Sunday 22 July 2012

Perspectives

Such a long time I haven't been writing and so many things on my mind. Thoughts about things that I have seen and moments that I have lived seemed to be connected, but the puzzle just wouldn't fall into place, and now I got an idea and I will have to see where it will lead me.

The question hanging there is: Why is life so difficult at times?

Well, there is illness and death, the quite inevitable things, but there are so many other occasions in which life is so darn hard and I was wondering if it has to be like that.

We are educated the way our culture requests it, there are individual aberrations but generally in the Western world sex is preferably to happen within the marriage, but before is kind of ok-ish, after marriage only if you are young enough, basically meaning able to reproduce; in other cultures the rule set might be tighter or more lose. We have dogs, cats and rabbits as pets yet we eat rabbits. The Chinese put dogs on their dinner plates, yet we find that disgusting. We have rules about what to eat, what to learn, how to learn it, for how long to work, haw fast to drive and how to raise our children, rules which we are taught from early on to be able to fit in. 

Some of the rules make sense, or at least made sense historically, some made their way into law, but most of them are in people's heads, being passed down the generations. Rules pretend to be a moral framework promising safety to the ones who stick with it.

It is hard to do so, though. Things don't always pan out, do they? Married partners might find each other boring or even unbearable to live with, but no.... you took the decision to live with that person as a youngster some quarter of a century back and now you have to pay for it: Social convention will brand mark you should you dare leave. Oh yes, we are allowed to divorce by law, yet the label 'devorce' will stick and even if you re-marry this will not change. I got a speeding ticket recently; yep, went 57 miles in a 50 mile zone. At 56 miles nothing would have happened. It was an empty two lane road, at night.

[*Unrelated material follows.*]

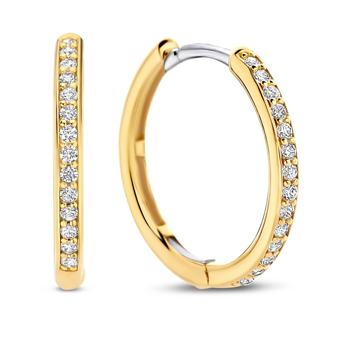 TI SENTO kullatut hopeakorvarenkaat zirkonioilla 18 mm 7959ZYI ovat monipuolinen asuste useisiin eri tyyleihin. Korvarenkaiden halkaisija on 18 mm, ja paksuus 2 mm, ja pukemista helpottaa saranamekanismi. Kokonaisuuden viimeistelee aito keltakultaus sekä upeat, synteettiset zirkoniat. TI SENTO-korut valmistetaan sterling-hopeasta, ja toimitetaan kotiin valmistajan kauniissa korurasiassa. TI SENTO -koruilla on 2 vuoden takuu, joka kattaa valmistus- ja materiaalivirheet.

I consider myself a relaxed driver, I don't have road rage, I flow with the traffic, and yes, if the conditions are right I like to go fast. This 50 miles sign makes sense during day time, then this is a very dangerous road with heavy traffic. The technology to install adaptable signage exists, but is expensive, so for the policing of rules it is easier to just convict. If an enraged person would have tried to push me off the road at less than 50 miles, the rules would not have caught him.

Don't get me wrong: Societies need rules! But how we apply those rules can make life very difficult.

One might think that rules which made it into law are the most difficult to change, I however believe that the ones in people's heads are the most difficult to eradicate. I find myself ever so often judging others for something that is not my business. Why is her skirt so short? Shouldn't she be better at school at that time of the day? Funny that his car is rarely parked in front of the house! Looking like that he shouldn't eat that burger!

I measure myself against others to determine my own place within the social framework. If there are others who are worse than me, than I must be on the good side. And at the same time it scares the shit out of me that something might happen that makes me 'them'. That there might be others who judge me the same way.

The culprit that makes life so difficult is 'social convention'. It makes everybody offended so easily. People snogging in the street, boobs on magazine covers, celebrating your religious beliefs in the open while being in the wrong culture, breast feeding in a restaurant... the list of potentially offencive things is endless. We are trained from the first day of our existence to not offend others.We learn how to second guess when somebody might be offended, as a matter of fact I feel that I have been second guessing my entire life. The framework of social convention which is supposed to give me safety in rules actually only ever provided me with a pool of uncertainty. 

I am wondering: Wouldn't it be much easier if we would change perspective and just take less offence?

And thus I am taking a new motto: Be generous to those around you!